• _Assignment_: Reproduce the listing below character for character; drop every image.

• _Exercise data_:
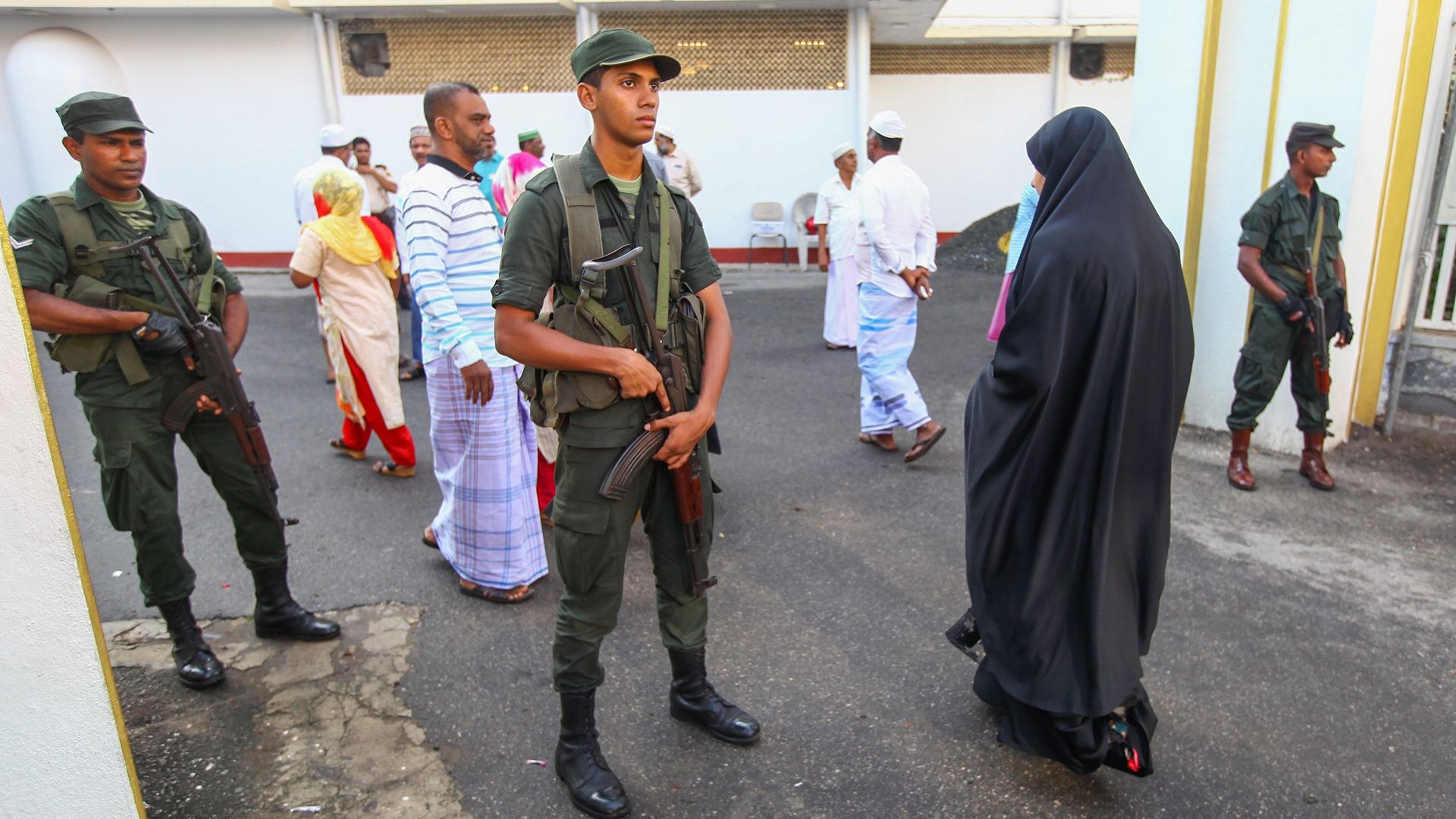 Muslims arrive for prayers at the Grand Mosque in the capital, Colombo. Photo: Chamila Karunarathne/Anadolu Agency/Getty Images
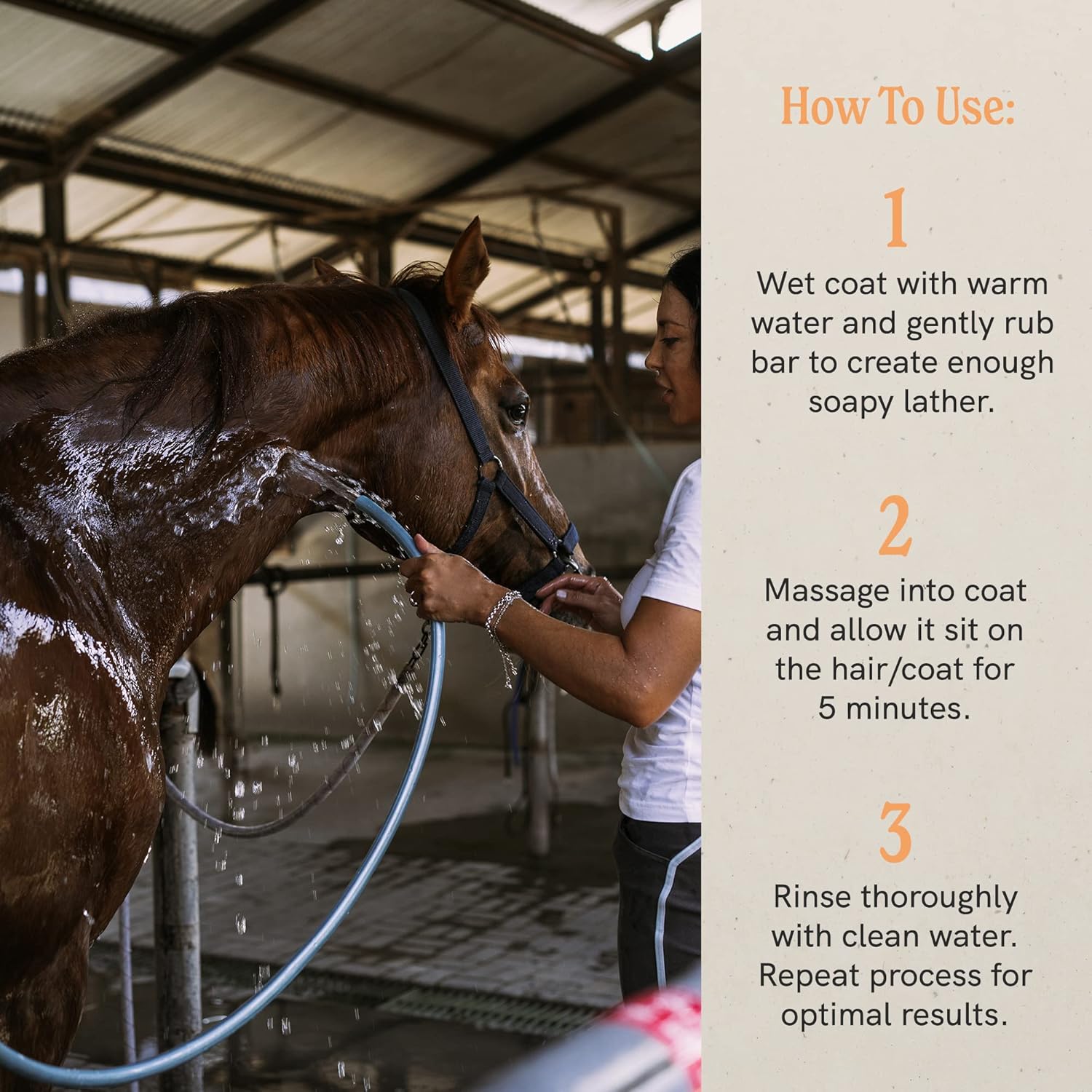 - HEALTHY SHINY COAT: Add our shampoo with natural oils to a bucket of water to lather, cover and wash your horse. Removes dust, dirt and mud and quickly hoses off leaving no residue. Restores moisture and strengthens the hair of the coat, main and tail.
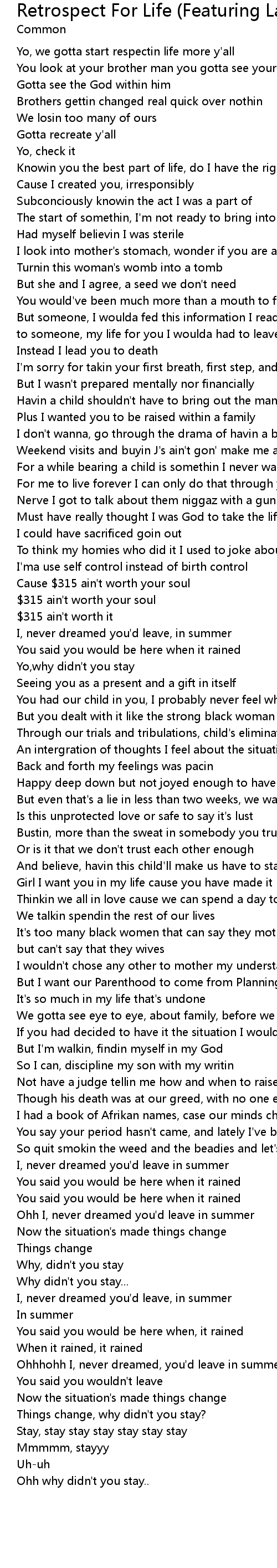 Ohhhohh I, never dreamed, you'd leave in summer |

• _Result below_:
 Muslims arrive for prayers at the Grand Mosque in the capital, Colombo. Photo: Chamila Karunarathne/Anadolu Agency/Getty Images
 - HEALTHY SHINY COAT: Add our shampoo with natural oils to a bucket of water to lather, cover and wash your horse. Removes dust, dirt and mud and quickly hoses off leaving no residue. Restores moisture and strengthens the hair of the coat, main and tail.
 Ohhhohh I, never dreamed, you'd leave in summer |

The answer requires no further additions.